For the purpose of reviving your memory, the provision giving the Governor the power to appoint the Chairman and members of the Rivers State House of Assembly Service Commission under the repealed 2006 Law provides in its opening paragraph:
“3. Section 2(2) of the Principal Law is amended by repealing section 2 and substituting the following section…” (emphasis mine).
Further, Section 6(1)(a) of the Interpretation Act provides:
“(1) The repeal of an enactment shall not revive anything not in force or existing at the time when the repeal takes effect.”
Please note that Section 318(4) of the 1999 Constitution provides that “The Interpretation Act shall apply for the purposes of interpreting the provisions of this Constitution.”
It follows from the above that the House cannot repeal Sections 2 and 3 of the Rivers State House of Assembly Service Commission (Amendment) Law No 3, 2006 to revive the already repealed provisions of the 1999 Law.
Conclusion
In conclusion, the Rivers State House of Assembly lacks the powers, legal or otherwise, to remove the power of appointment of the Chairman and members of the Rivers State House of Assembly Service Commission from the Governor and vest that power on themselves.
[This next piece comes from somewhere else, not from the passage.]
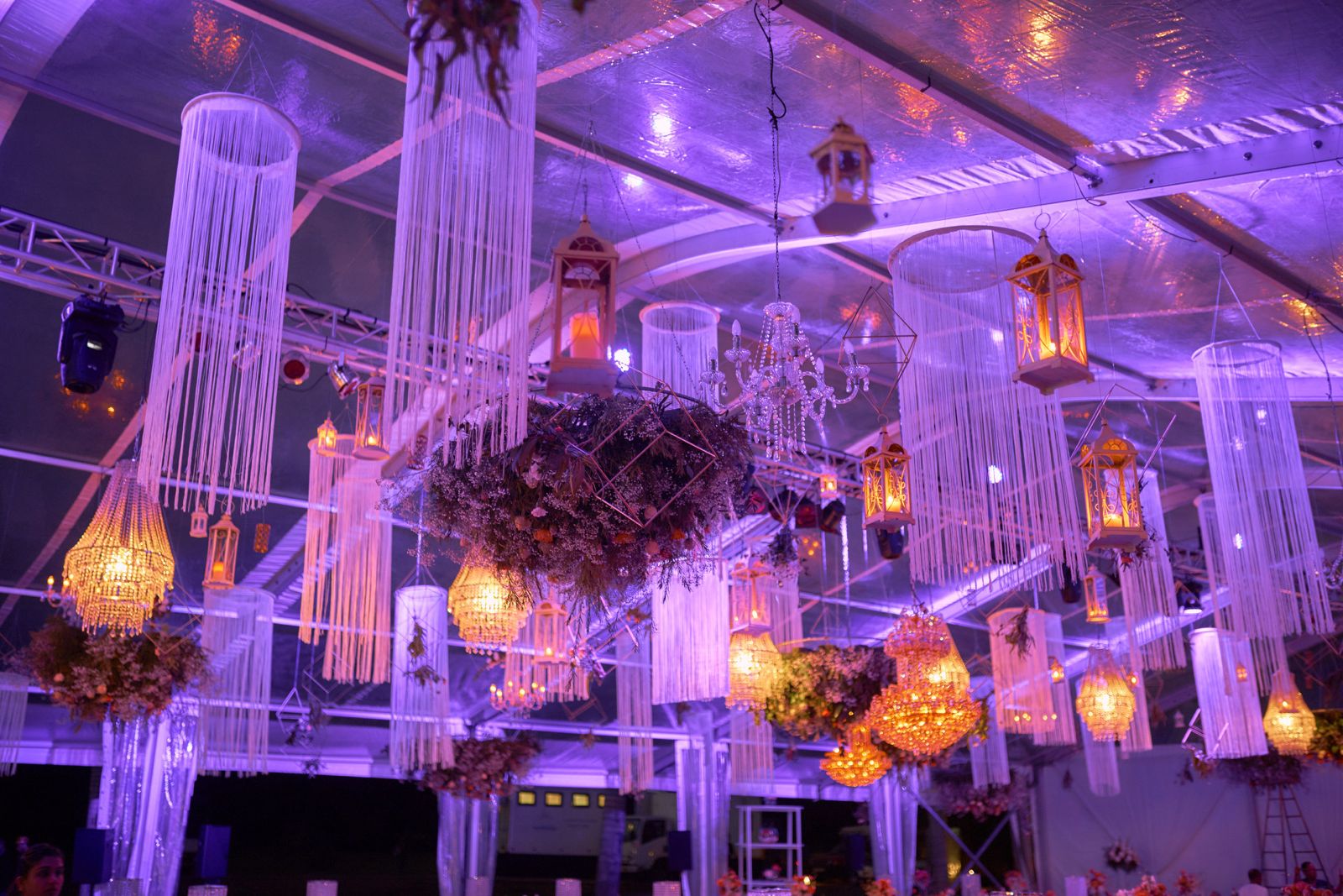 From mirrorball constellations to cascading silver coins, from floral chandeliers to glowing lanterns, our ceiling installations transform spaces into immersive stages. They don’t just decorate. They elevate.

The provision in the Rivers State House of Assembly Service Commission (Amendment) Law, 2024 seeking to vest that power on the House is in clear contravention of the 1999 Constitution, and therefore, a nullity in the eyes of the Law. See the case of MacFoy v UAC (1961) 3 All ER 1169 where the court held that you cannot put something on nothing and expect it to stand.
In that case, Lord Denning stated: “If an act is void, then it is in law a nullity. It is not only bad, but incurably bad. There is no need for an order of court to set it aside. It is automatically null and void without more ado, though it is sometimes more convenient to have the court declare it to be so. And every proceeding which is founded on it is also bad and incurably bad. You cannot put something on nothing and expect it to stay there. It will collapse.”
Rt Hon Ehie is Chief of Staff, Government House, Port Harcourt.